▶ What is being asked: In your copy, leave out the pictures and repeat the entries below exactly.

▶ Data records:
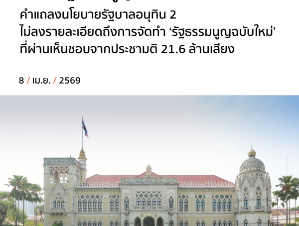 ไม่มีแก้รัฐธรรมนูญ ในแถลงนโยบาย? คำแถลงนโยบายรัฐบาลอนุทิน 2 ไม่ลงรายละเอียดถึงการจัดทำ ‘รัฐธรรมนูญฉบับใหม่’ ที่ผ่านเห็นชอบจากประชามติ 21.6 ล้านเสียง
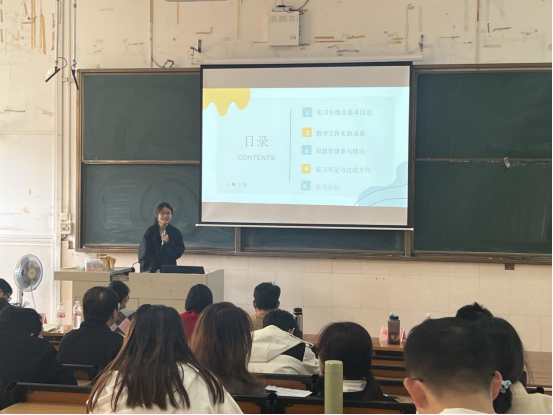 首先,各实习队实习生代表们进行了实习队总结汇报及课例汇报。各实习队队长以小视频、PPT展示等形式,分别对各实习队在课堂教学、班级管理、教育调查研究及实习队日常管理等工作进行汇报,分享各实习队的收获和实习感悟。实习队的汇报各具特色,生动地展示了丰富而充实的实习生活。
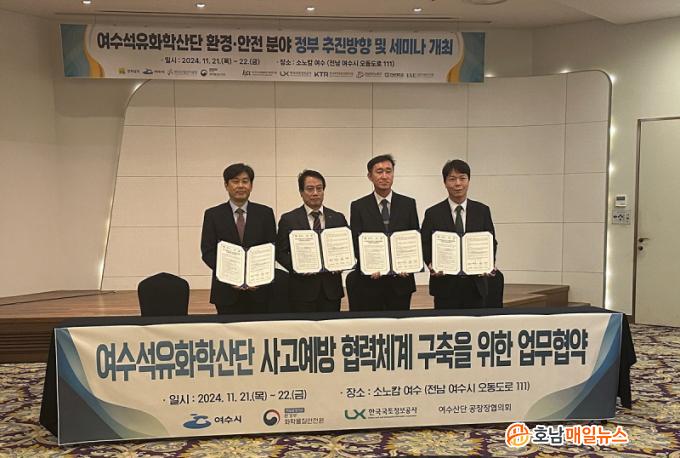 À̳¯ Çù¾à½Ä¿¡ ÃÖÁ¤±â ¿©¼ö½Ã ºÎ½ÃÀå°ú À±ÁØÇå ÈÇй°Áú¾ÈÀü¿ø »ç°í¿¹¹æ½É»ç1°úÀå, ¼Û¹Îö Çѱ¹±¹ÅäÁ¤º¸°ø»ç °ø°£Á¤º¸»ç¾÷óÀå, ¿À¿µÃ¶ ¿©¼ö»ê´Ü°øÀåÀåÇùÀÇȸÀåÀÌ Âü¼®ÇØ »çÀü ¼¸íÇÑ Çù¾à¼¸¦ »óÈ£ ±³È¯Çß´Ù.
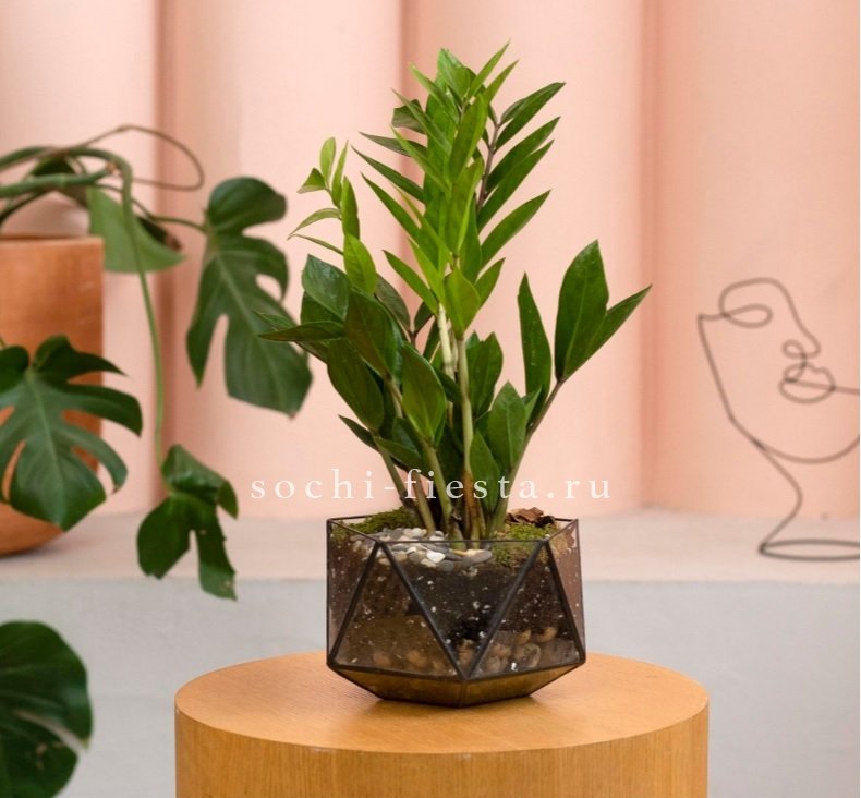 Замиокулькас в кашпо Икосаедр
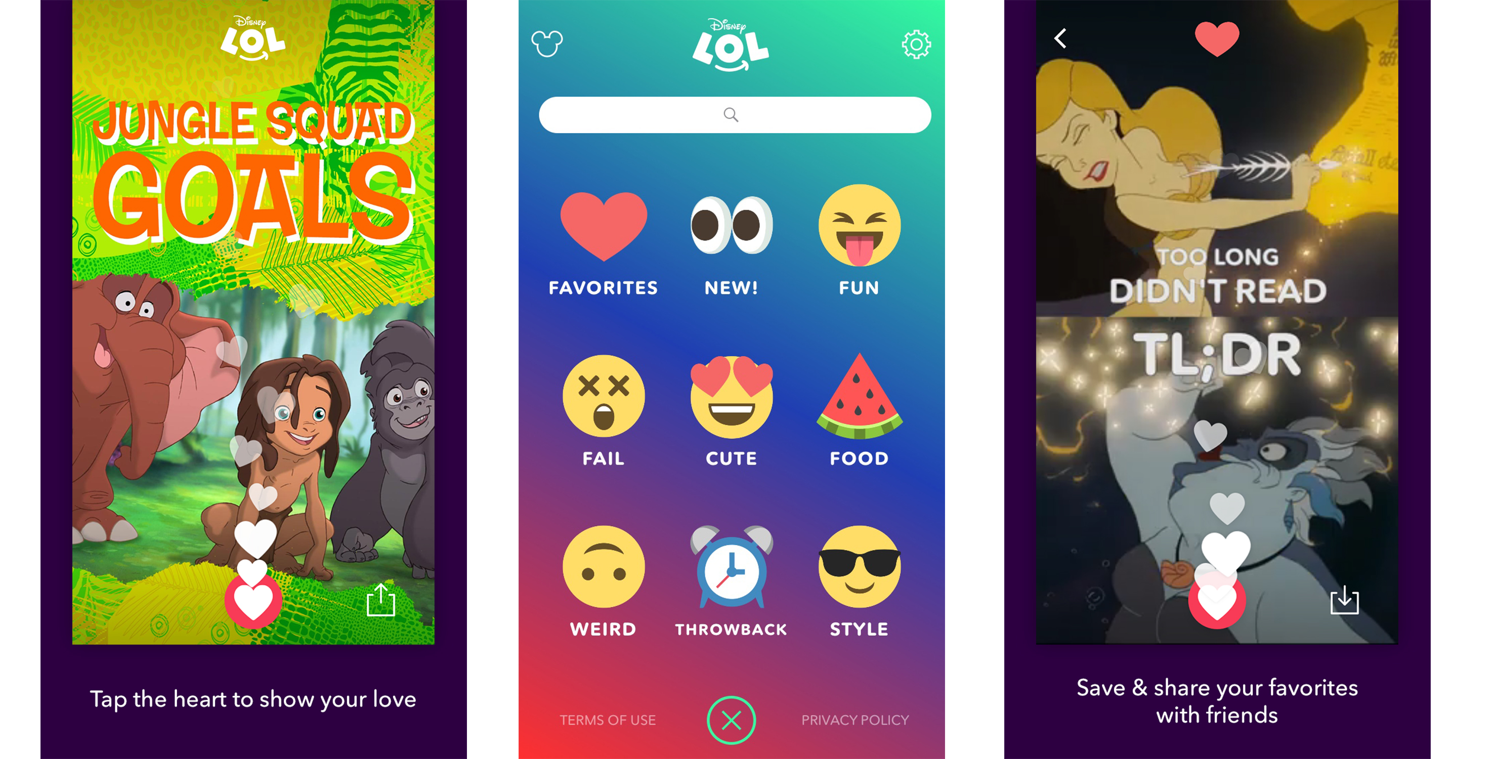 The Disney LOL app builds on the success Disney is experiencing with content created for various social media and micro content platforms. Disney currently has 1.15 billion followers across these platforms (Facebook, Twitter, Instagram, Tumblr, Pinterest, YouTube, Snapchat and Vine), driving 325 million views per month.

▶ Your response:
 ไม่มีแก้รัฐธรรมนูญ ในแถลงนโยบาย? คำแถลงนโยบายรัฐบาลอนุทิน 2 ไม่ลงรายละเอียดถึงการจัดทำ ‘รัฐธรรมนูญฉบับใหม่’ ที่ผ่านเห็นชอบจากประชามติ 21.6 ล้านเสียง
 首先,各实习队实习生代表们进行了实习队总结汇报及课例汇报。各实习队队长以小视频、PPT展示等形式,分别对各实习队在课堂教学、班级管理、教育调查研究及实习队日常管理等工作进行汇报,分享各实习队的收获和实习感悟。实习队的汇报各具特色,生动地展示了丰富而充实的实习生活。
 À̳¯ Çù¾à½Ä¿¡ ÃÖÁ¤±â ¿©¼ö½Ã ºÎ½ÃÀå°ú À±ÁØÇå ÈÇй°Áú¾ÈÀü¿ø »ç°í¿¹¹æ½É»ç1°úÀå, ¼Û¹Îö Çѱ¹±¹ÅäÁ¤º¸°ø»ç °ø°£Á¤º¸»ç¾÷óÀå, ¿À¿µÃ¶ ¿©¼ö»ê´Ü°øÀåÀåÇùÀÇȸÀåÀÌ Âü¼®ÇØ »çÀü ¼¸íÇÑ Çù¾à¼¸¦ »óÈ£ ±³È¯Çß´Ù.
 Замиокулькас в кашпо Икосаедр
 The Disney LOL app builds on the success Disney is experiencing with content created for various social media and micro content platforms. Disney currently has 1.15 billion followers across these platforms (Facebook, Twitter, Instagram, Tumblr, Pinterest, YouTube, Snapchat and Vine), driving 325 million views per month.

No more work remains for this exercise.